WHAT NEEDS TO BE DONE: In the entries below, which lines run from the one with "ミドリ安全 ベルデクセル×エレパスU フード・マスク一体型つなぎ服" through the one with "Each magical Opal"? Repeat exactly those, both included, and no pictures.

GIVEN DATA:
---

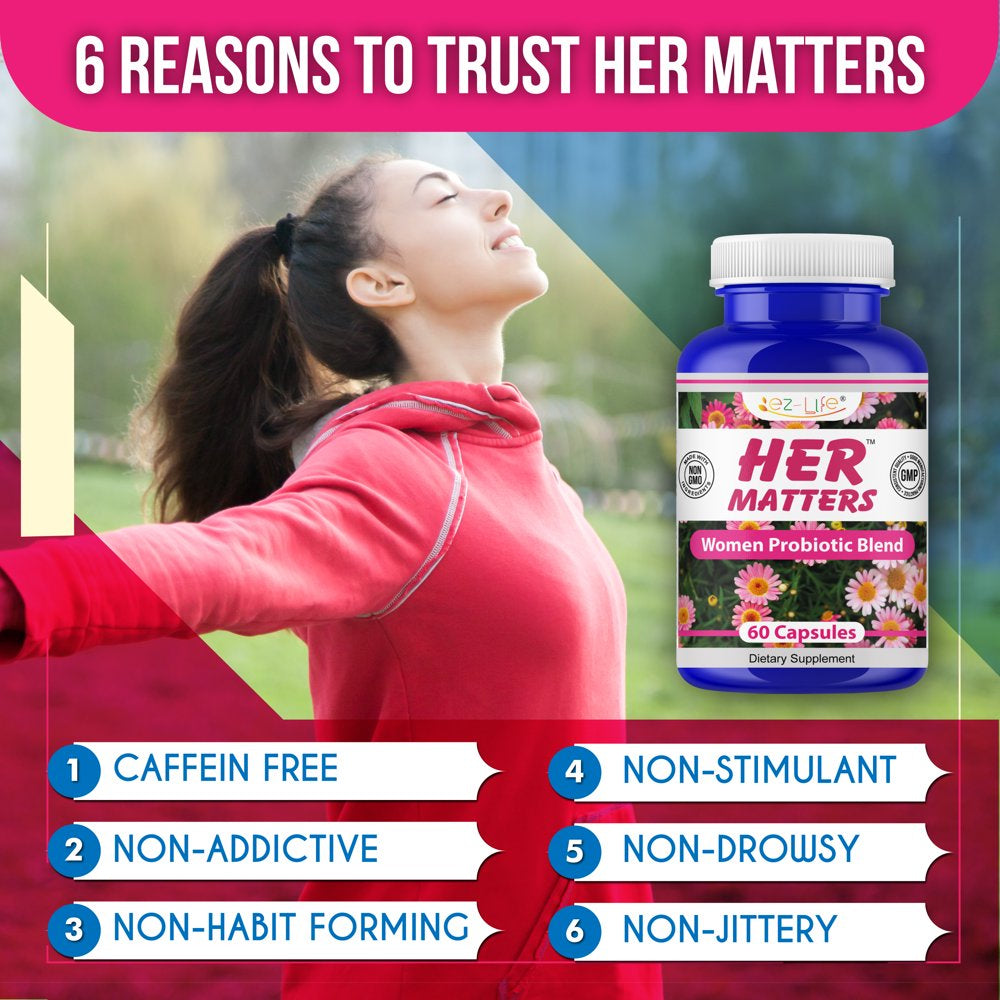 Her Matters Probiotic Supplement for Women Support Urinary Tract Health, Feminine Odor, Balance Ph, & Restore Proper Gut Flora 60 Capsules
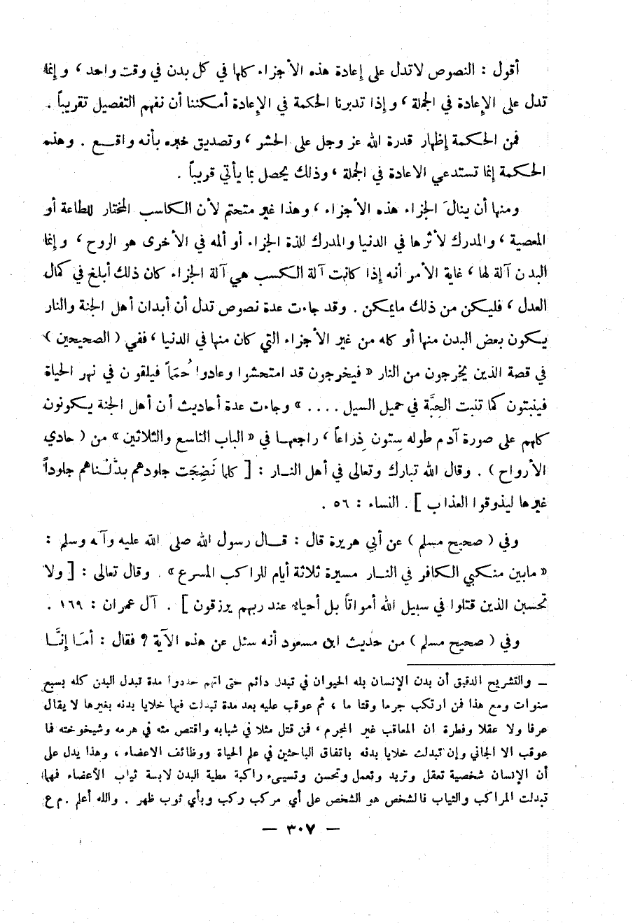 ومنها أن ينال الجزاء هذه الأجزاء، وهذا غير متحتم لأن الكاسب المختار للطاعة أو المعصية، والمدرك لأثرها في الدنيا والمدرك للذة الجزاء أو ألمه في الآخرة هو الروح، وإنما البدن آلة لها، غاية الأمر أنه إذا كانت آلة الكسب هي آلة الجزاء كان ذلك أبلغ في كمال العدل فليكن من ذلك ما يمكن. وقد جاءت عدة نصوص تدل أن أبدان أهل الجنة والنار يكون بعض البدن منها أو كله من غير الأجزاء التي كانت منها في الدنيا، ففي (الصحيحين) في قصة الذين يخرجون من النار ((فيخرجون قد أمتحشوا وعادوا حمماً فيلقون في نهر الحياة فينبتون كما تنبت الحبة في حميل السيل ... .)) وجاءت عدة أحاديث أن أهل الجنة يكونون كلهم على صورة آدم طوله ستون ذراعاً، راجعها في ((الباب التاسع والثلاثين)) من (حادي الأرواح). وقال تبارك وتعالى في أهل النار [كُلَّمَا نَضِجَتْ جُلُودُهُمْ بَدَّلْنَاهُمْ جُلُوداً غَيْرَهَا لِيَذُوقُوا الْعَذَابَ]. النساء: 56.
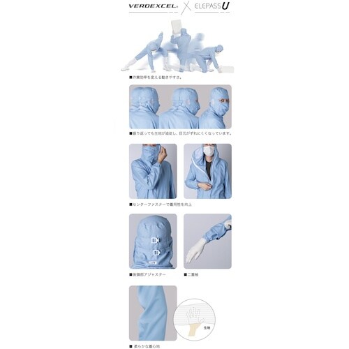 ミドリ安全 ベルデクセル×エレパスU フード・マスク一体型つなぎ服 VEYS140B ブルー SS VEYS140BSS 1着
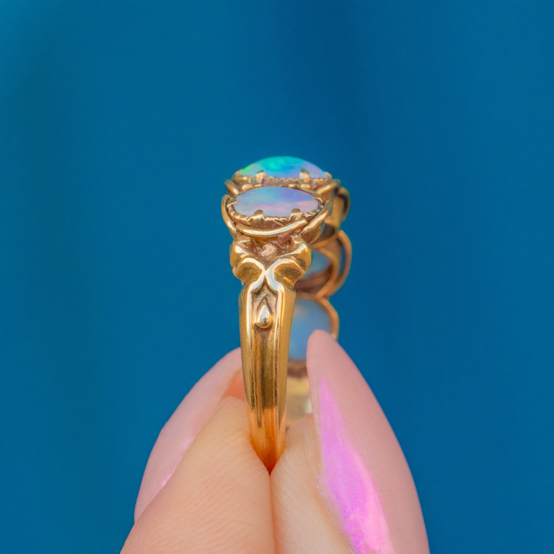 Each magical Opal exudes flashes of fluorescent greens, flaming oranges, and fuchsia pinks, encased in exquisitely detailed settings. A real Victorian showstopper, this antique Opal ring will prove hard to resist.
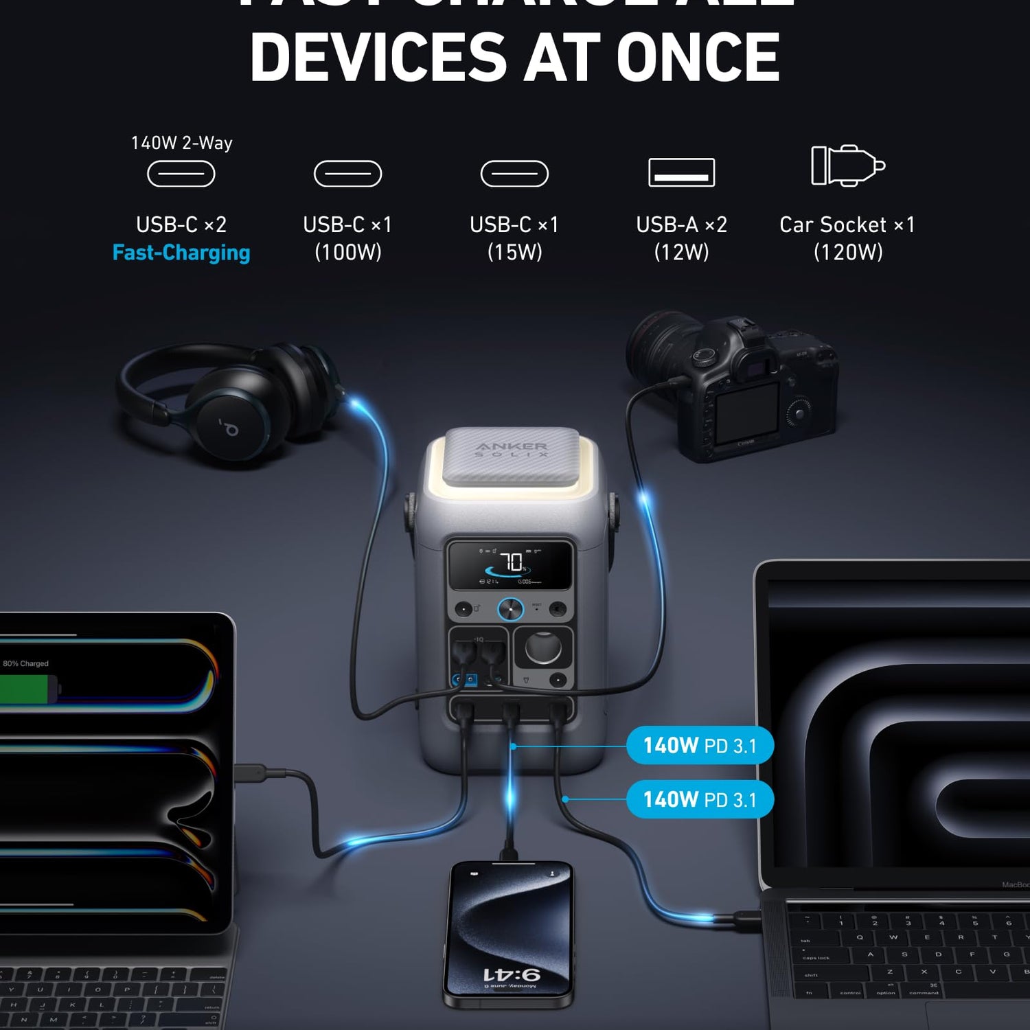 - 7 Device Charging Ports: Power all your tech with versatile ports, including 1× car socket (120W), 2× USB-C (140W), 1× USB-C (100W), 1× USB-C (15W), and 2× USB-A (12W).
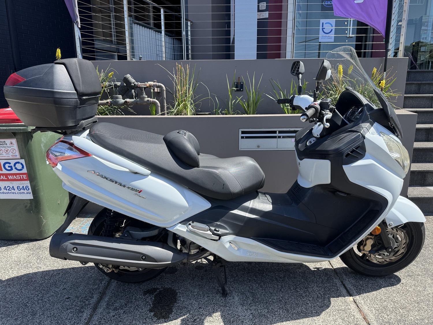 Well-maintained and reliable 2014 SYM Maxsym 400i scooter, perfect for city commuting and longer rides. Powered by a smooth 399 cc liquid-cooled engine with automatic transmission, offering effortless acceleration and strong mid-range performance. Features include comfortable seating for two, spacious under-seat storage, dual disc brakes with ABS (if equipped), and a stylish, sporty design. Great balance of power, practicality, and fuel efficiency — a solid choice for daily riding or weekend adventures.

---

EXERCISE OUTPUT:
 ミドリ安全 ベルデクセル×エレパスU フード・マスク一体型つなぎ服 VEYS140B ブルー SS VEYS140BSS 1着
 Each magical Opal exudes flashes of fluorescent greens, flaming oranges, and fuchsia pinks, encased in exquisitely detailed settings. A real Victorian showstopper, this antique Opal ring will prove hard to resist.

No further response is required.